[Mvapich-discuss] HYDT_bscd_pbs_wait_for_completion error

Phanish, Deepa dnagendra3 at gatech.edu
Wed Sep 28 09:28:17 EDT 2022


Hi All,

A user on our HPC cluster is reporting this issue - Has anyone come across this, or has any ideas to solve this?

Note: The workflow is executing without issues using OpenMP, although slower.

Workflow: User is launching mpirun jobs in series within a loop (1 PBS job per time step). Each job reads from input file, computes and writes to output, which is read by the next job.

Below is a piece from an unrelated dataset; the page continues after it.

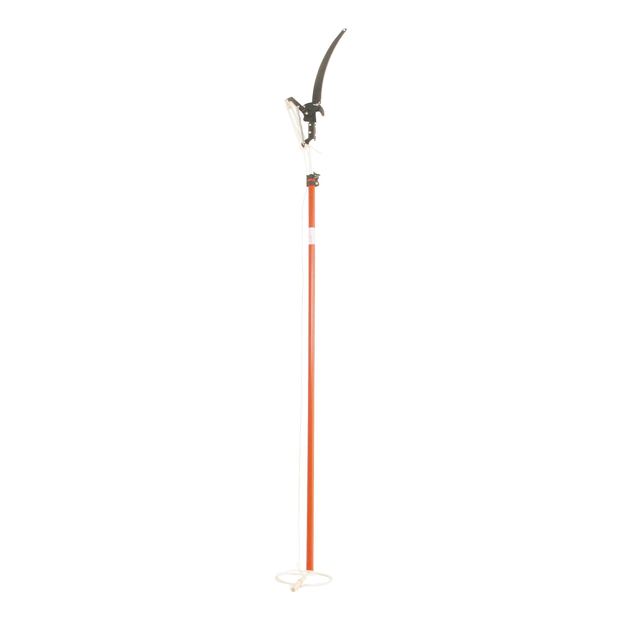 Gear driven action and dual pulley system triples cutting power. Heavy-duty solid steel head. Hardened and tempered steel lopper blade with rustproof EverCut coating. 16 in curved saw blade with rustproof EverCut coating. Poles securely lock with convenient thumb-screw. Fully assembled and ready for use. Telescoping pole for extended reach. 13 ft 6 in solid braid polyester cord.

Issue: At sporadic times, he is getting the error message "HYDT_bscd_pbs_wait_for_completion (tools/bootstrap/external/pbs_wait.c:67): tm_poll(obit_event) failed with TM error 17002" where the program is failing to write the output file on a random time step.

Debugging efforts so far: 1) We have tried adding sleep intervals between job launch, that didn't help. 2) We have added barriers before MPI_Finalize, that didn't help. 3) We have checked the stack size, that looks good. 4) We have run simulations without file write, and just reads. That still has issues. I have attached the debug messages below showing where it fails.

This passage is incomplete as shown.